You can configure logging profiles for HTTP and DNS security events on Advanced Firewall Manager, and FTP and SMTP security events on Application Security Manager.
  1. On the Main tab, click
    Security
    Event Logs
    Logging Profiles
    .
    The Logging Profiles list screen opens.
  2. Click
    Create
    .
    The Create New Logging Profile screen opens.
  3. Select the
    Protocol Security
    check box.
  4. In the HTTP, FTP, and SMTP Security area, from the
    Publisher
    list, select the publisher that the BIG-IP system uses to log HTTP, FTP, and SMTP Security events.
  5. In the DNS Security area, from the
    Publisher
    list, select the publisher that the BIG-IP system uses to log DNS Security events.
  6. Select the
    Log Dropped Requests
    check box, to enable the BIG-IP system to log dropped DNS requests.
  7. Select the
    Log Filtered Dropped Requests
    check box, to enable the BIG-IP system to log DNS requests dropped due to DNS query/header-opcode filtering.
    The system does not log DNS requests that are dropped due to errors in the way the system processes DNS packets.
  8. Select the
    Log Malformed Requests
    check box to enable the BIG-IP system to log malformed DNS requests.
  9. Select the
    Log Rejected Requests
    check box to enable the BIG-IP system to log rejected DNS requests.
  10. Select the
    Log Malicious Requests
    check box to enable the BIG-IP system to log malicious DNS requests.
  11. From the
    Storage Format
    list, select how the BIG-IP system formats the log.
    Option
    Description
    None
    Specifies the default format type in which the BIG-IP system logs messages to a remote Syslog server, for example:
    "management_ip_address","bigip_hostname","context_type","context_name","src_ip","dest_ip","src_port","dest_port","vlan","protocol","route_domain","acl_rule_name","action","drop_reason
    Field-List
    Allows you to:
    • Select, from a list, the fields to be included in the log.
    • Specify the order the fields display in the log.
    • Specify the delimiter that separates the content in the log. The default delimiter is the comma character.
    User-Defined
    Allows you to:
    • Select, from a list, the fields to be included in the log.
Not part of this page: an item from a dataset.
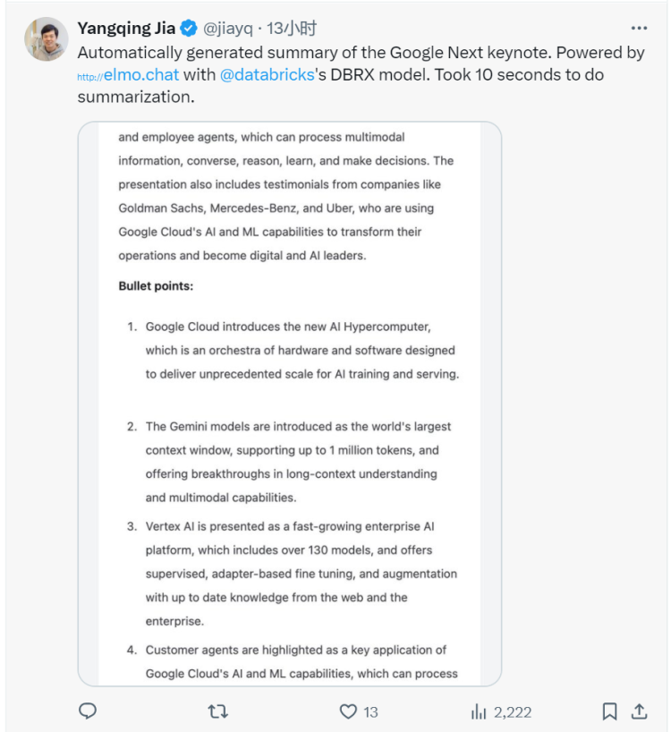 4月10日消息,原阿里首席AI科学家贾扬清在𝕏(推特)上分享了插件Elmo,该插件能在10秒内总结Google Next 主题演讲,生成一句话概括、摘要、主要观点。该插件由贾扬清去年创办的AI公司Lepton AI打造。

    • Cut and paste, in a string of text, the order the fields display in the log.
  12. Click
    Finished
    .
Assign this custom Protocol Security Logging profile to a protected object.

Logging DoS events for a protected object

Ensure that at least one log publisher exists on the BIG-IP system.
Assign a custom logging profile to a protected object when you want the system to log DoS events for the traffic the protected object processes.
  1. On the Main tab, click
    Security
    DoS Protection
    Protected Objects
    .
  2. Click the name of the protected object for which you want to log DoS events.
    The Properties pane opens on the right.
  3. In the Network & General area, for
    Logging Profiles
    , move the logging profile to assign from the Available list into the Selected list.
    This assigns the logging profile to the protected object.
  4. Click
    Save
    .
The system logs DoS events for the protected object.
You can review DoS event logs at
Security
Event Logs
DoS
and select the type of DoS event log to view.